CHENNAI: Tamil Nadu government’s anti-corruption wing Directorate of Vigilance and Anti-Corruption (DVAC) has gone slow on conducting surprise checks in FY25 as compared to the previous year. Additionally, not even a single surprise check was conducted at police stations in the last two years, information sourced through an RTI application showed.
Surprise checks is one of the mechanisms used by DVAC to catch illegal monetary transactions at government offices. It is dependent on the collection of intelligence and surprising corrupt officials, as opposed to trapping them while taking bribe. Surprise checks are usually conducted at departments where significant sums of money are transacted everyday (for example, registration department), with high possibility of bribery.
In response to an RTI filed by Ramiah Ariya, a resident of Chennai, DVAC said that they conducted 140 surprise checks in FY24 and 45 in FY25. No surprise checks were conducted by DVAC at police stations.
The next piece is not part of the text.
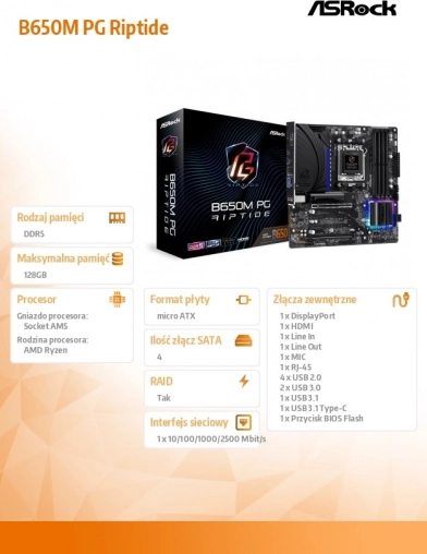 ASRock B650M PG Riptide er et kraftfuldt microATX-bundkort til AM5-platformen, ideelt til både gaming- og creator-builds. Det tilbyder understøttelse af AMD Ryzen 7000-processorer, hurtig DDR5-hukommelse, PCIe 5.0 M.2 til lynhurtig lagerplads og omfattende USB-tilslutning. Robust strømforsyning 12+2+1 med Dr.MOS, kvalitetslyd fra Nahimic og HDMI/DisplayPort-udgange gør det til et fremragende fundament for en moderne PC.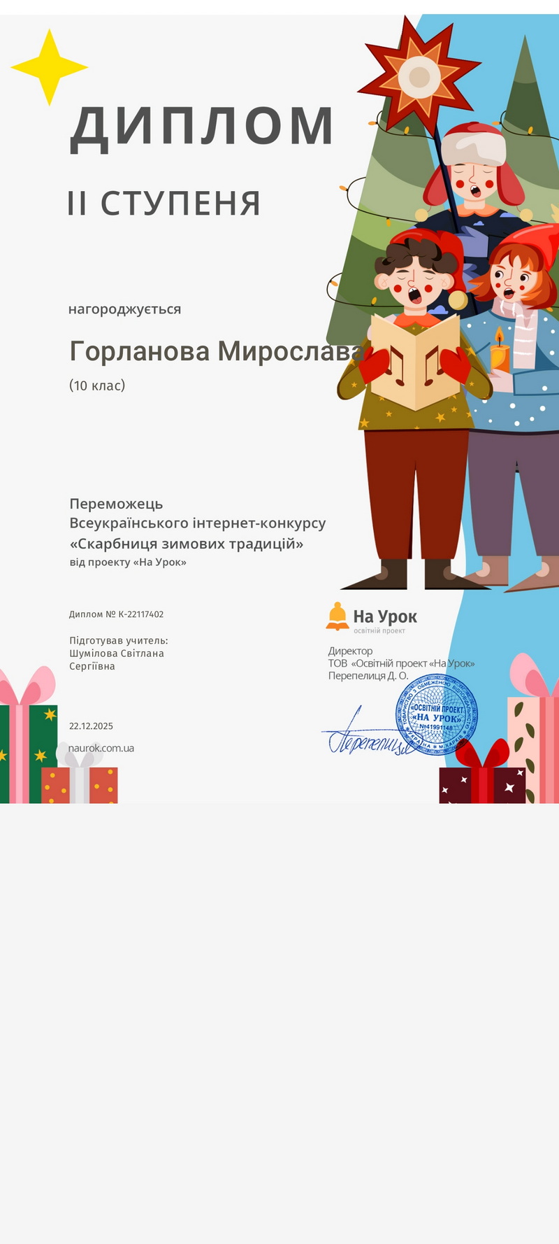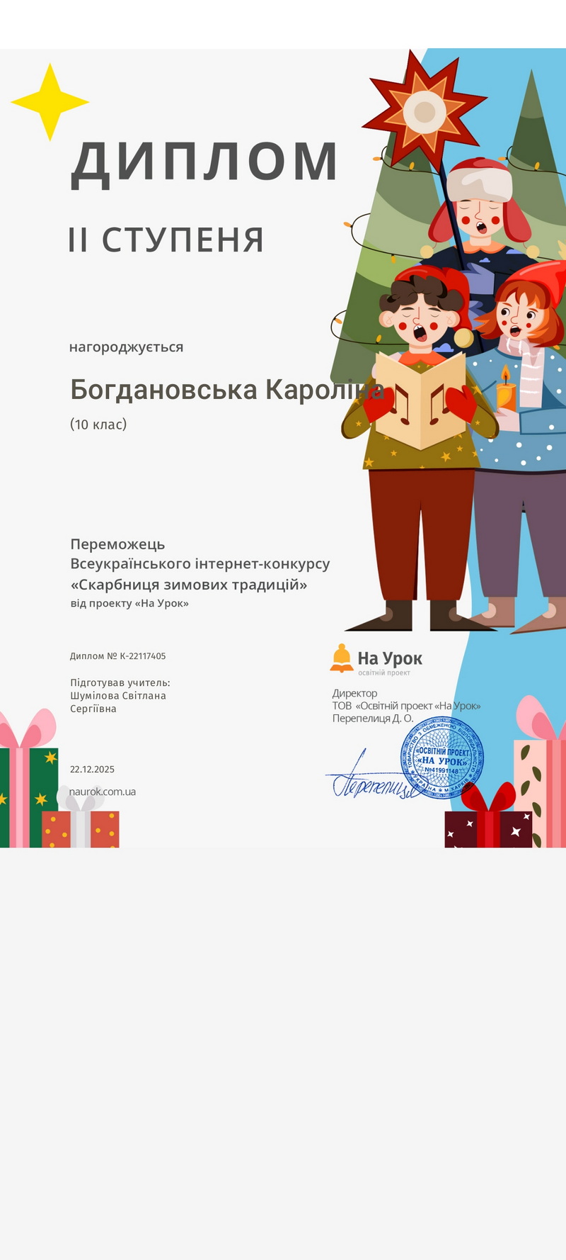 Учні 10-А з нетерпінням чекають зимової казки, яку приносять традиційні свята. Тож, напередодні Різдва вони взяли участь у Всеукраїнському конкурсі «Скарбниця зимових традицій», де дізналися багато нового про українські зимові традиції. Головна мета конкурсу — сформувати цікавість до вивчення народних традицій, допомогти школярам краще зрозуміти значення кожного свята та подарувати віру в різдвяну казку.

In response to a similar RTI in 2022, DVAC had said that only five surprise checks had been conducted at police stations in FY21 and FY22, three of which had led to the registration of cases.
Historically, DVAC has been lax in conducting surprise checks at police stations; RTI data had shown that there had not been a single check from 2011-18. “Apart from nabbing bribe collection by cops, such surprise checks can also help prevent other illegal activities in police stations, like custodial violence,” Ariya said.
DVAC sources said that surprise checks are reserved for government offices where they have information of bribe money amassed and that this may not happen at police stations. Additionally, sleuths may be unable to retain the ‘surprise’ element while raiding police stations, the sources explained.
Activist and NGO Arappor Iyakkam’s convenor Jayaram Venkatesan said the data was an indicator of how DVAC does not want to target corruption in police and the agency’s lack of independence. “DVAC’s personnel is made up of cops who are deputed from state police. How will they act against their own,” he said, adding that even surprise checks at traffic junctions could be conducted to nab officials taking bribes.
Furthermore, DVAC’s own actions indicate evidence of corruption in police stations; at least 60 cops were accused in the agency’s cases in the last two years. Last year, the agency arrested a motor vehicle inspector in Salem who tried to bribe an inspector working in DVAC itself.